• [The input]:
┄┄┄┄┄┄

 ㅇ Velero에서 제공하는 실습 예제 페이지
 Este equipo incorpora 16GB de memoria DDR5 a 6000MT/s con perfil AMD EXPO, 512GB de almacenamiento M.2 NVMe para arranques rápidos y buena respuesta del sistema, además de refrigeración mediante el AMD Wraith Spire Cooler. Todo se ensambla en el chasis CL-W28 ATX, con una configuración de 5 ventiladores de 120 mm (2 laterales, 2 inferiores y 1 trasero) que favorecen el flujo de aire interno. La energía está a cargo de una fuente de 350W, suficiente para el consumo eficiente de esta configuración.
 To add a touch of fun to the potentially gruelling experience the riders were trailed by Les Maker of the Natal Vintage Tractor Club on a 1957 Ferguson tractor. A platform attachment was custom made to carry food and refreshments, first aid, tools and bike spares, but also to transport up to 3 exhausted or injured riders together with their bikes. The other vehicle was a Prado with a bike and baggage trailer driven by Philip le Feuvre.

┄┄┄┄┄┄

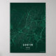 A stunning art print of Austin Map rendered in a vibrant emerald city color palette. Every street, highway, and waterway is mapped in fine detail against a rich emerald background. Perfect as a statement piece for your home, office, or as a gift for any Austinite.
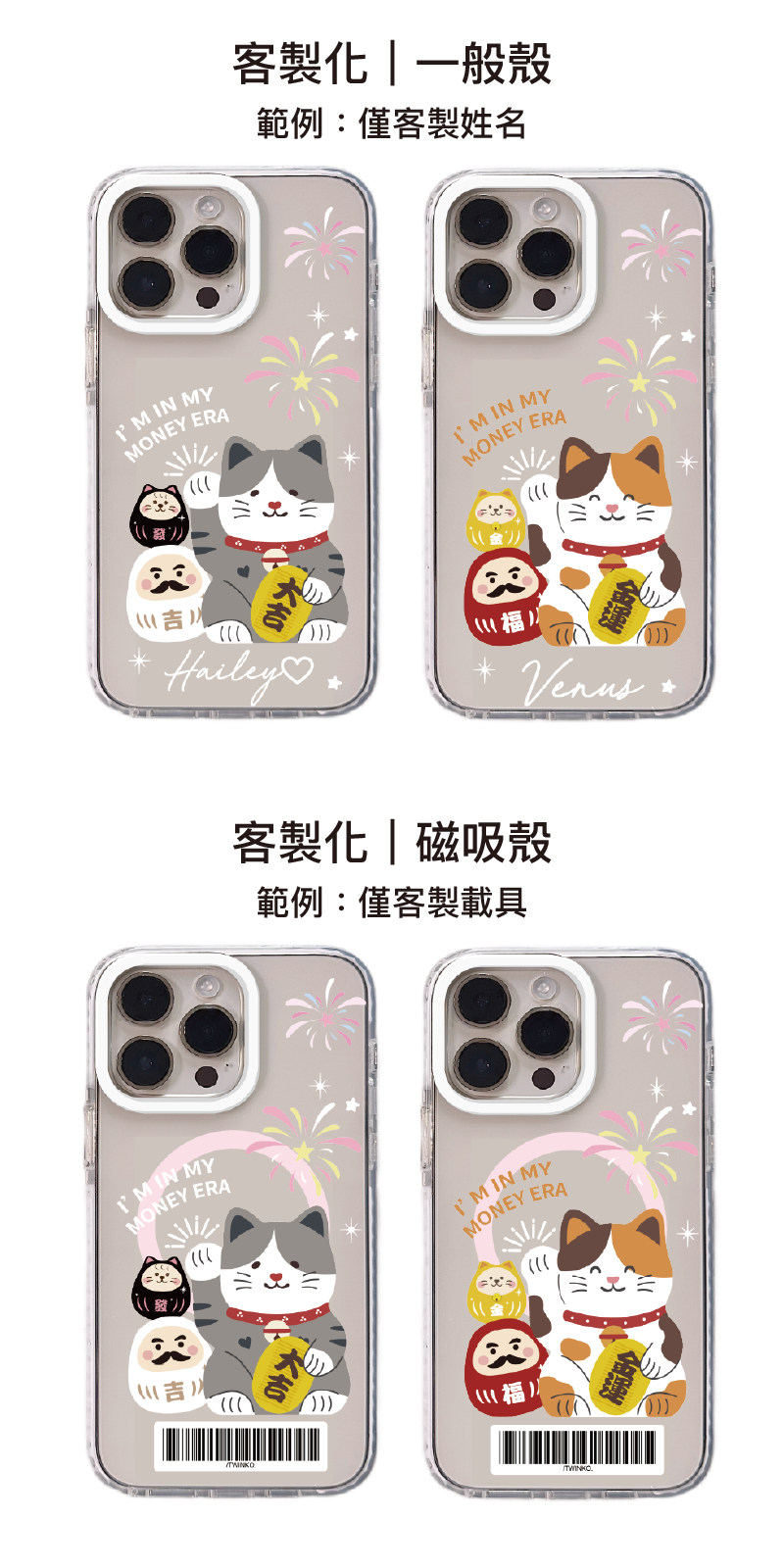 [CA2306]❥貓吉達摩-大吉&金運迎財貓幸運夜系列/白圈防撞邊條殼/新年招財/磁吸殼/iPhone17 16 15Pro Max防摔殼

┄┄┄┄┄┄

• [What you will do]:
All lines above from the one holding "ㅇ Velero에서 제공하는 실습 예제 페이지" to the one holding "To add a touch", inclusive, are to be copied exactly; no other line is wanted.

• [Finished exercise]:
 ㅇ Velero에서 제공하는 실습 예제 페이지
 Este equipo incorpora 16GB de memoria DDR5 a 6000MT/s con perfil AMD EXPO, 512GB de almacenamiento M.2 NVMe para arranques rápidos y buena respuesta del sistema, además de refrigeración mediante el AMD Wraith Spire Cooler. Todo se ensambla en el chasis CL-W28 ATX, con una configuración de 5 ventiladores de 120 mm (2 laterales, 2 inferiores y 1 trasero) que favorecen el flujo de aire interno. La energía está a cargo de una fuente de 350W, suficiente para el consumo eficiente de esta configuración.
 To add a touch of fun to the potentially gruelling experience the riders were trailed by Les Maker of the Natal Vintage Tractor Club on a 1957 Ferguson tractor. A platform attachment was custom made to carry food and refreshments, first aid, tools and bike spares, but also to transport up to 3 exhausted or injured riders together with their bikes. The other vehicle was a Prado with a bike and baggage trailer driven by Philip le Feuvre.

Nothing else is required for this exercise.